# Can't socialise (even though I want to)



## Music Man (Aug 22, 2009)

Hey,

I'm quite annoyed at the moment with my lack of socialising at Uni. My flat has international students - from greece, spain, cyprus, china and I can't socialise with them as they keep themselves to themselves and only socialise with people from their own nationalities. Another guy and I have tried inviting them to meals in the kitchen but they don't come. My cousin also said that happens at every university (in the UK anyway). 

So - I am in a position where I want to socialise, but I can't because of the conditions. I only ever see people in lectures and then that's it.
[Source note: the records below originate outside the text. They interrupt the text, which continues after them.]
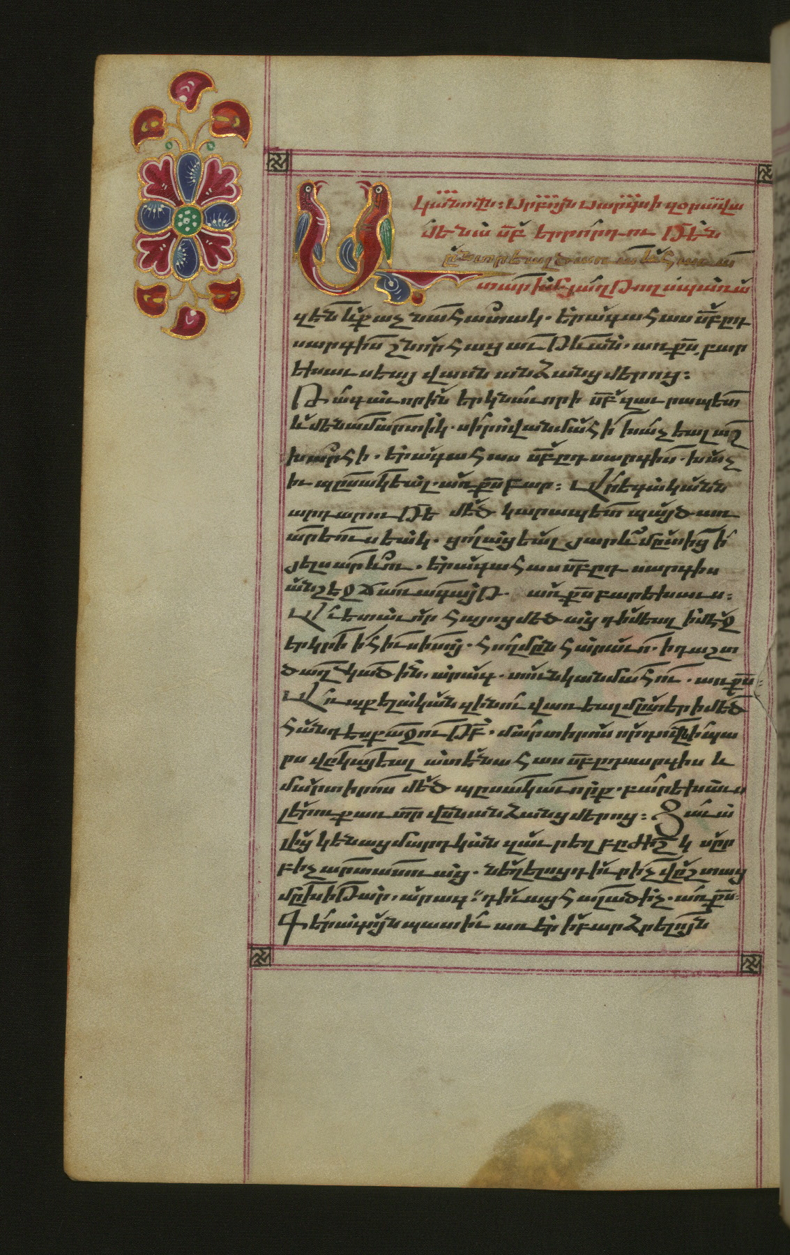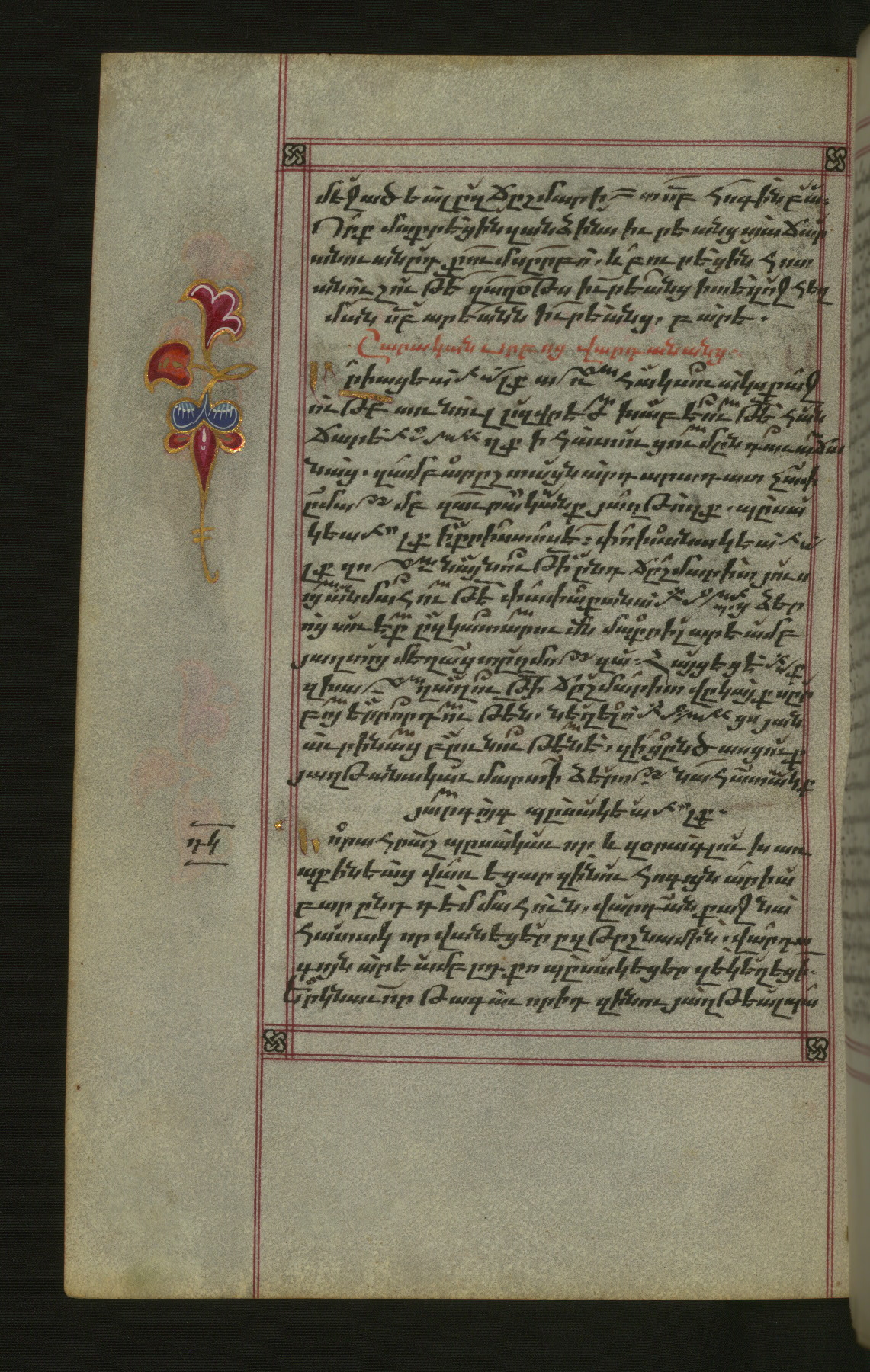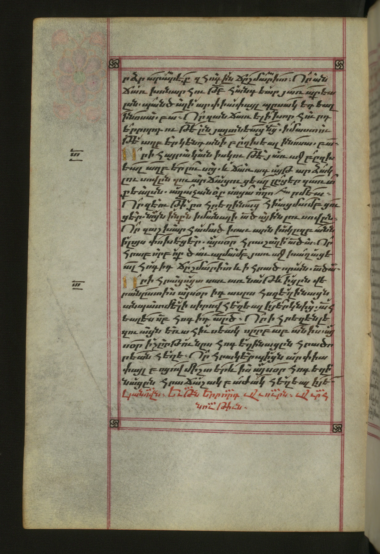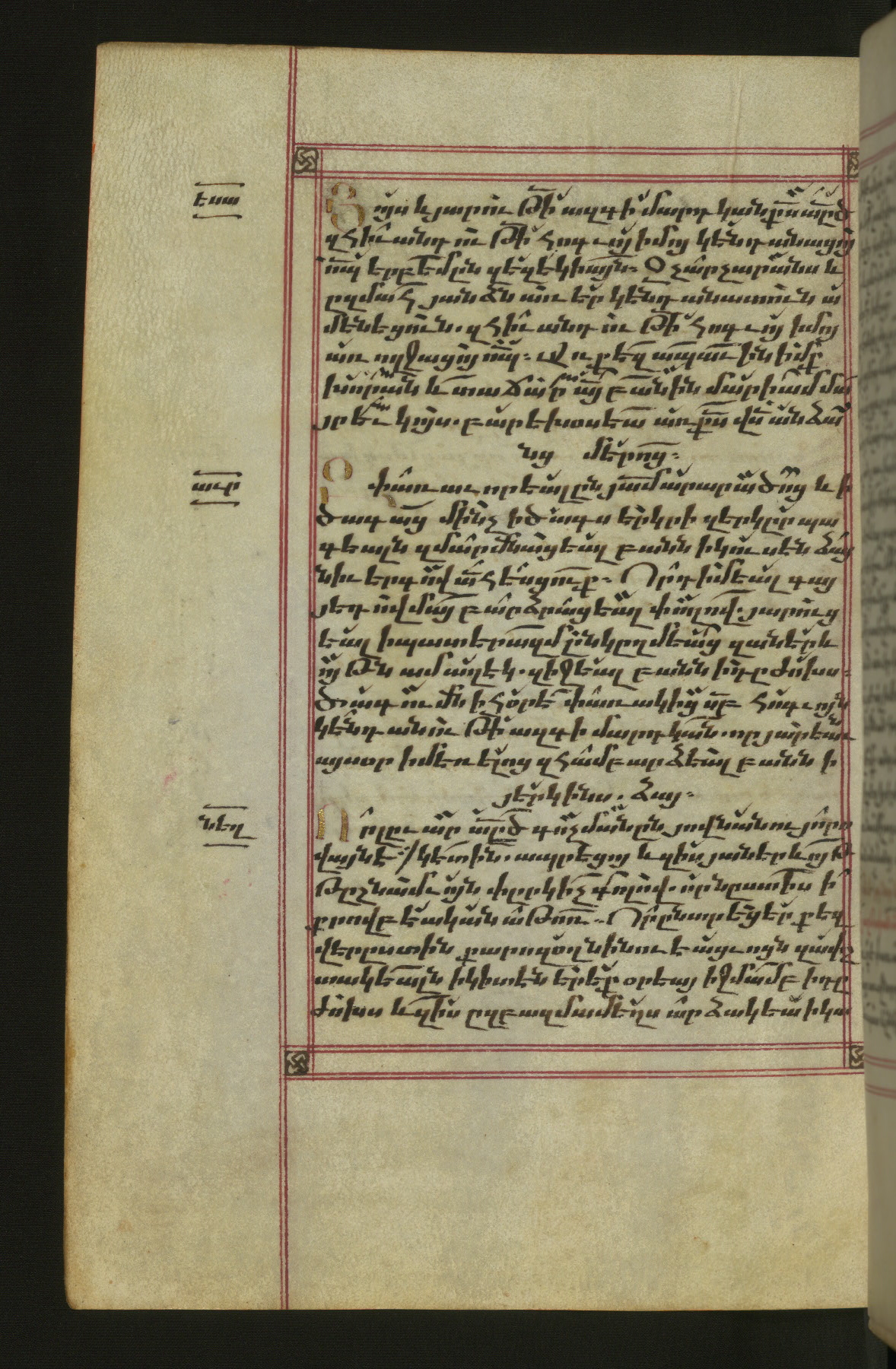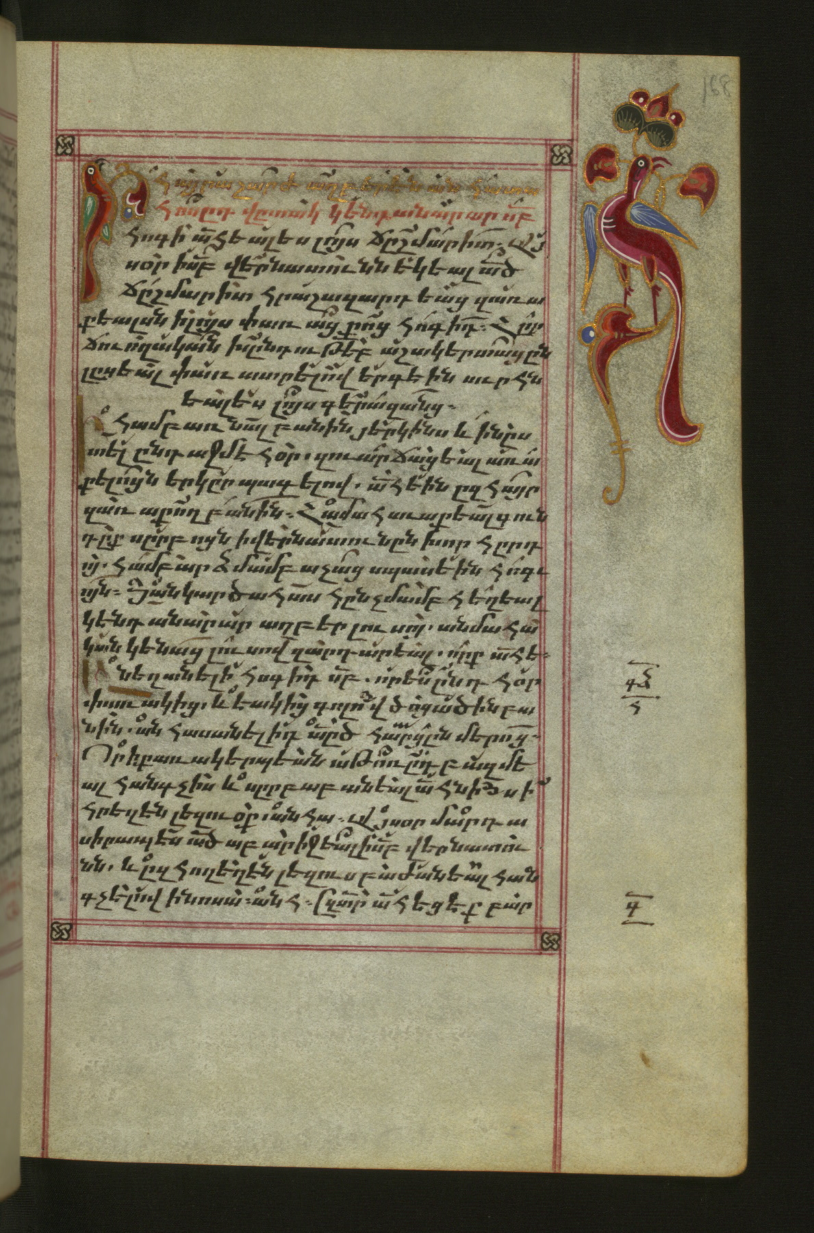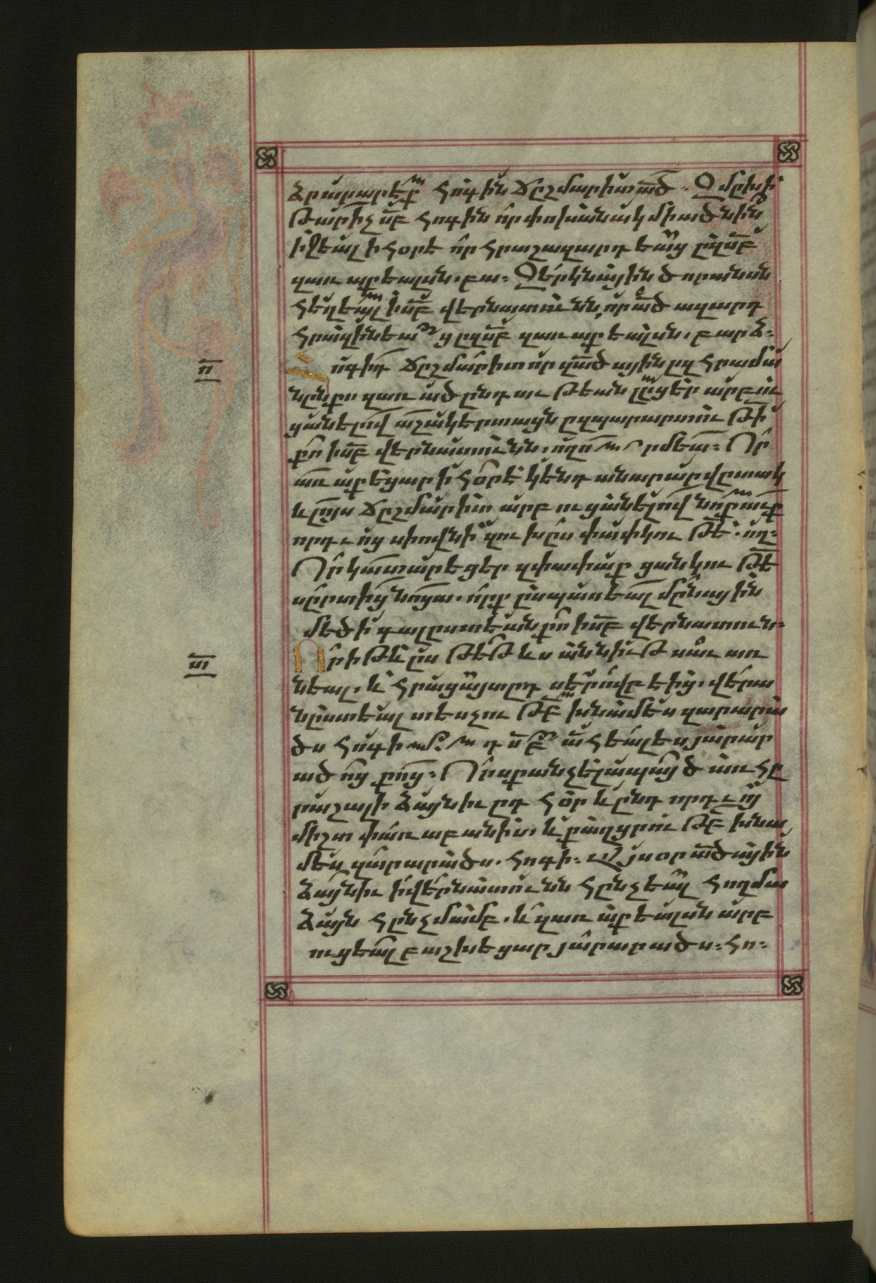 This hymnal was completed in Constantinople on August 15, 1678 [AE 1127], by the priest Yakob Pēligratc‘i, having been commissioned by Člav, son of Nawasard, as a dedication to his sons, Astuacatur and Sahak. The structure of the hymns adheres approximately to the standard Armenian hymnal (Շաբակնոց), with minor variations in order and a few substitutions (see Sanjian in the bibliography). The book is illuminated extensively, with thirty-eight full- and half-page polychrome miniatures against gold backgrounds, eight decorated head-pieces marking the principal divisions of the hymnal, and numerous marginal miniatures marking individual hymns, including biblical figures, saints, bishops, and vignettes. The style of the miniatures is largely in imitation of western European models, though more traditional Armenian and Byzantine influences stand out, such as the vibrant color palette, an iconic frontality for depictions of saints and bishops, and the highly abstracted floral motifs and zoomorphic incipits marking hymn divisions.
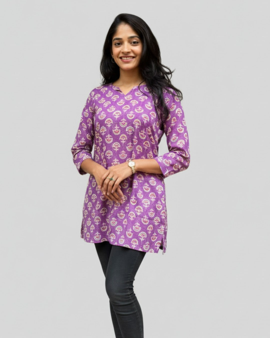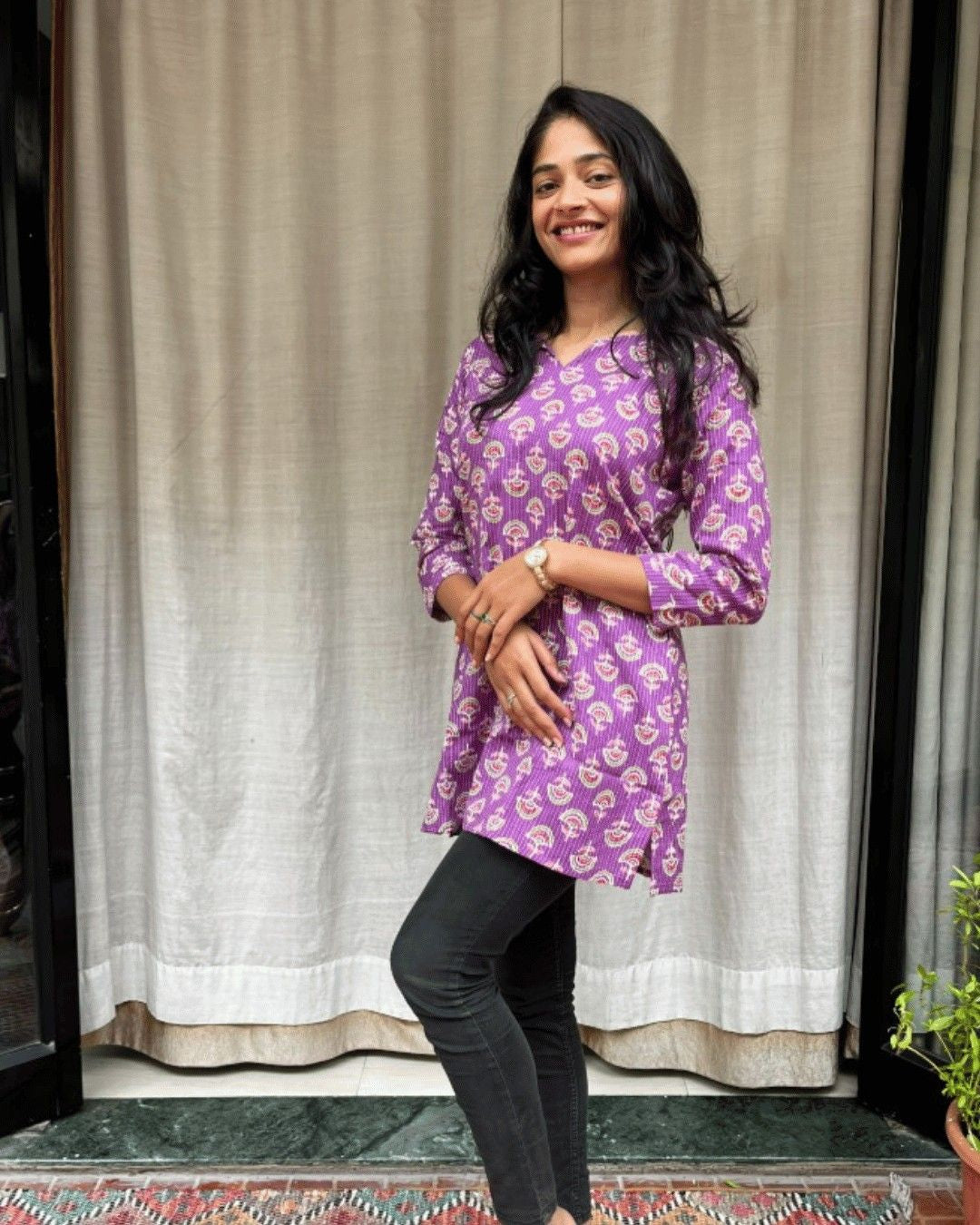True to size and flattering fit.
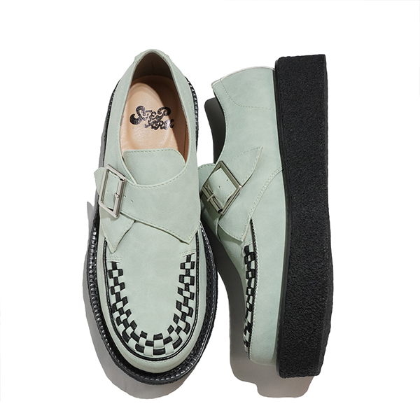 モンクストラップタイプ。定番のモンクストラップを再構築。シューズの構造上サイズの微調整が効きにくい為、返りの良い薄底のソールや、屈曲しやすい木型を使われる事が多いモンクストラップ。
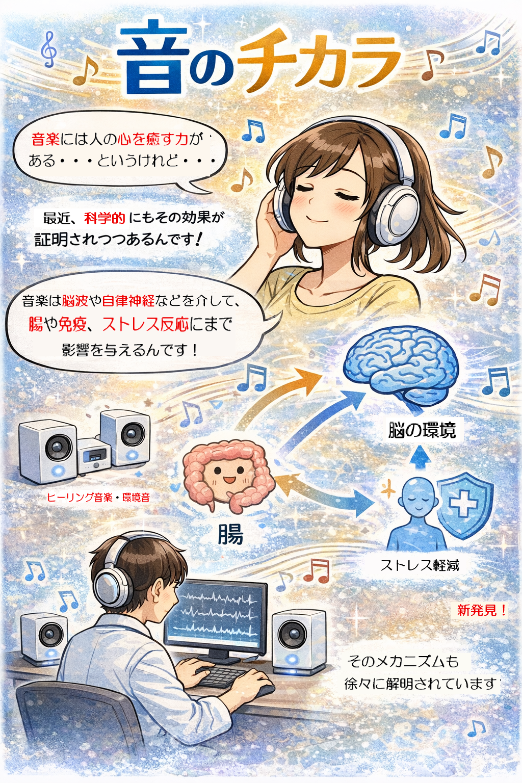 「音楽が人の心を癒やす」という言葉を、私たちはよく耳にします。近年の研究ではその効果が単なる感覚的なものではなく、科学的にも裏づけられた生理的変化であることが明らかになっています。音楽は脳波や自律神経を介して、腸や免疫、ストレス反応にまで影響を与える——そのメカニズムが徐々に解明されつつあります。なお、本コラムでは、音楽(音)のサンプルを再生できるようにしていますので、ご興味のある方は該当箇所をクリックやタップしてご試聴ください。
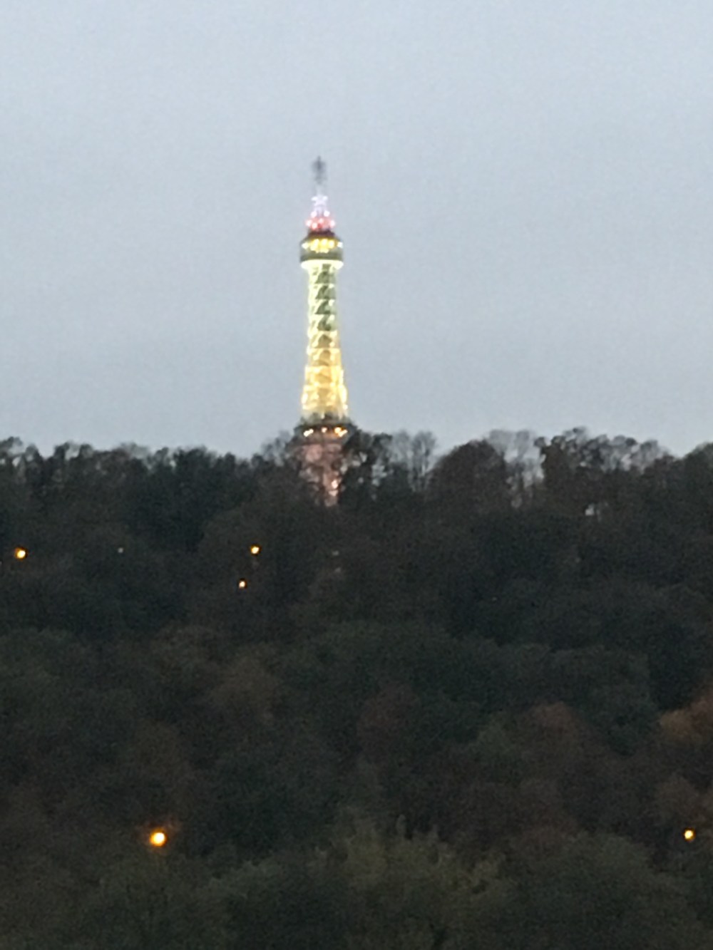 And no, for the next picture, I didn’t fly off to Paris, but this lit up structure above the trees is Petrin Tower (built for an exhibition in 1891 and patterned after the Eiffel Tower).

I have asked people if they want to do something like watch a film etc but they always make excuses.

It's annoying that I want to socialise but no one wants to socialise with me :um


----------



## Averagejoe (Jan 13, 2010)

Now I'm not one to give advice.........


----------



## Catty (Jan 4, 2010)

Try not to see college as a way to socialisie but study. 
Sorry for the poor advice.


----------



## looktothelight (Jan 16, 2010)

Same as how it is with me and school.
You are doing the right thing by at least asking and putting yourself out there. Most people can't even do that much. I know it's super depressing but you have to keep on truckin' :b


----------



## Music Man (Aug 22, 2009)

Hopefully it'll be better next year as I'll be in a different flat.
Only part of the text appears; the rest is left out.